Data provided.

● ● ● ●

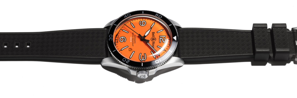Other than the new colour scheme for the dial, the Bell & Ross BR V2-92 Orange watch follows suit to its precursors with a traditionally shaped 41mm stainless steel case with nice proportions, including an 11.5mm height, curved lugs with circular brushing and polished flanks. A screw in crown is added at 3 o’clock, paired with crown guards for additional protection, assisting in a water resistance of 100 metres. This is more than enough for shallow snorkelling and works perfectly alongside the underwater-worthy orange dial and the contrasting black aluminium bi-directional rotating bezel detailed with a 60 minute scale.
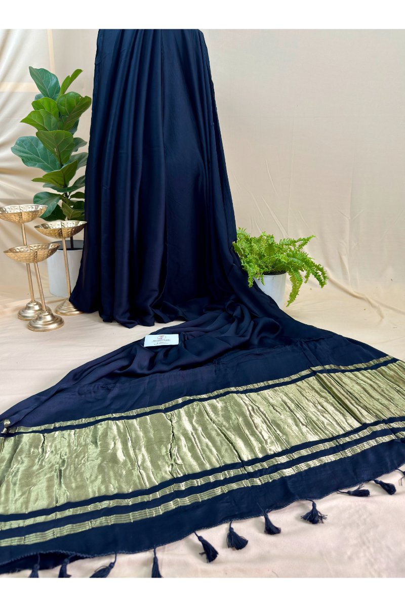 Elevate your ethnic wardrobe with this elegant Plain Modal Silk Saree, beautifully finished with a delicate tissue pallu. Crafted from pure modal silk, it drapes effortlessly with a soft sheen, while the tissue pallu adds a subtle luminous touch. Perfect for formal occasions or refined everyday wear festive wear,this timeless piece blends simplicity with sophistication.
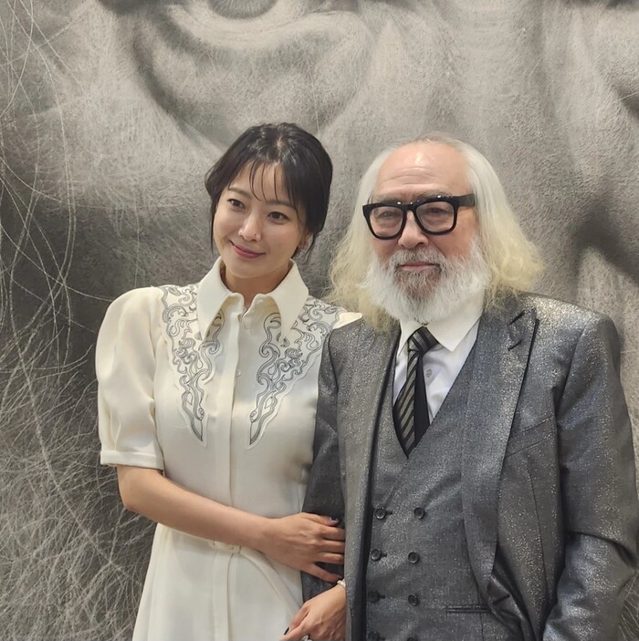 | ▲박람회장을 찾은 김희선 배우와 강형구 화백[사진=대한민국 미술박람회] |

● ● ● ●

Exercise goal.
Without including any picture, output all the material exactly as it appears.

Exercise output.
Other than the new colour scheme for the dial, the Bell & Ross BR V2-92 Orange watch follows suit to its precursors with a traditionally shaped 41mm stainless steel case with nice proportions, including an 11.5mm height, curved lugs with circular brushing and polished flanks. A screw in crown is added at 3 o’clock, paired with crown guards for additional protection, assisting in a water resistance of 100 metres. This is more than enough for shallow snorkelling and works perfectly alongside the underwater-worthy orange dial and the contrasting black aluminium bi-directional rotating bezel detailed with a 60 minute scale.
 Elevate your ethnic wardrobe with this elegant Plain Modal Silk Saree, beautifully finished with a delicate tissue pallu. Crafted from pure modal silk, it drapes effortlessly with a soft sheen, while the tissue pallu adds a subtle luminous touch. Perfect for formal occasions or refined everyday wear festive wear,this timeless piece blends simplicity with sophistication.
 | ▲박람회장을 찾은 김희선 배우와 강형구 화백[사진=대한민국 미술박람회] |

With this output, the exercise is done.